Check if $ x+1 $ is a factor of $ -3x^{3}+8x^{2}+3x-7 $.
Answer
The synthetic division table is:
$$ \begin{array}{c|rrrr}-1&-3&8&3&-7\\& & 3& -11& \color{black}{8} \\ \hline &\color{blue}{-3}&\color{blue}{11}&\color{blue}{-8}&\color{orangered}{1} \end{array} $$Because the remainder $ \left( \color{red}{ 1 } \right) $ is not zero, we conclude that the $ x+1 $ is not a factor of $ -3x^{3}+8x^{2}+3x-7$.
Explanation
First we need to create a synthetic division table.

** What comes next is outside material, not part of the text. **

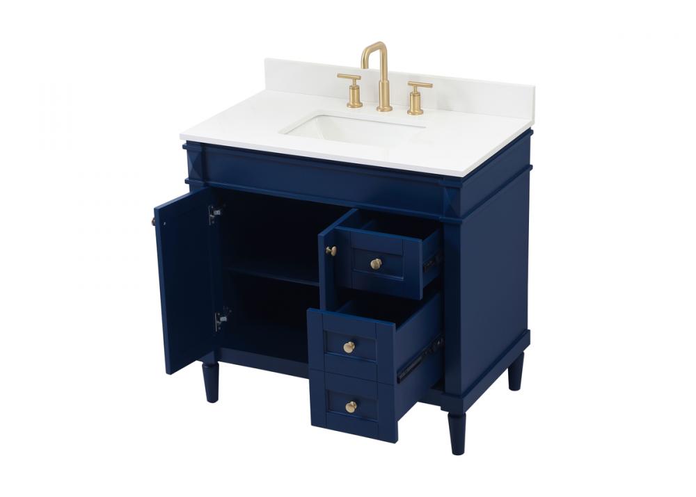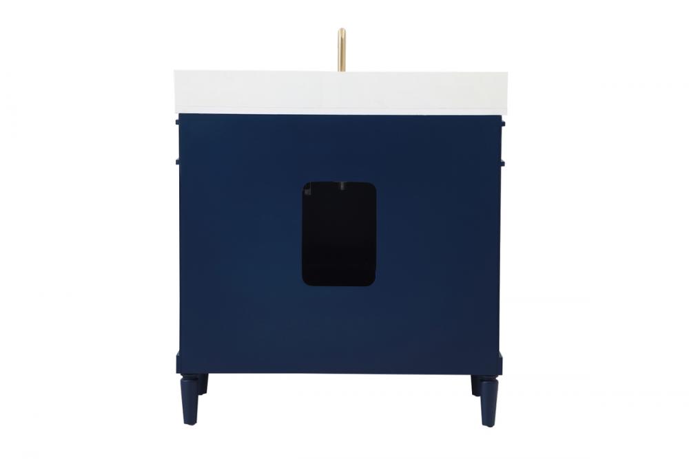 This transitional vanity is a beautiful piece of bathroom furniture will look amazing in your design scheme. The cabinet features a shaker style smooth door panel with simple round knobs and soft close hinges provide ample room for accessories. Packed with multiple side drawers with soft close glides for added comfort and full access to bath supplies. Convenient deep drawer stores all of your tall bath essentials. Constructed of engineered wood and solid wood legs with hand painted finish. The durable engineered marble countertop is a versatile material in an ivory white finish. Minor assembly of the legs needed to get this vanity up and running. Comes with a matching backsplash to complete the look and protects your wall.

Step 1 : Write down the coefficients of the dividend into division table. Put the zero from $ x + 1 = 0 $ ( $ x = \color{blue}{ -1 } $ ) at the left.
$$ \begin{array}{c|rrrr}\color{blue}{-1}&-3&8&3&-7\\& & & & \\ \hline &&&& \end{array} $$Step 1 : Bring down the leading coefficient to the bottom row.
$$ \begin{array}{c|rrrr}-1&\color{orangered}{ -3 }&8&3&-7\\& & & & \\ \hline &\color{orangered}{-3}&&& \end{array} $$Step 2 : Multiply by the number on the left, and carry the result into the next column: $ \color{blue}{ -1 } \cdot \color{blue}{ \left( -3 \right) } = \color{blue}{ 3 } $.
$$ \begin{array}{c|rrrr}\color{blue}{-1}&-3&8&3&-7\\& & \color{blue}{3} & & \\ \hline &\color{blue}{-3}&&& \end{array} $$Step 3 : Add down last column: $ \color{orangered}{ 8 } + \color{orangered}{ 3 } = \color{orangered}{ 11 } $
$$ \begin{array}{c|rrrr}-1&-3&\color{orangered}{ 8 }&3&-7\\& & \color{orangered}{3} & & \\ \hline &-3&\color{orangered}{11}&& \end{array} $$Step 4 : Multiply by the number on the left, and carry the result into the next column: $ \color{blue}{ -1 } \cdot \color{blue}{ 11 } = \color{blue}{ -11 } $.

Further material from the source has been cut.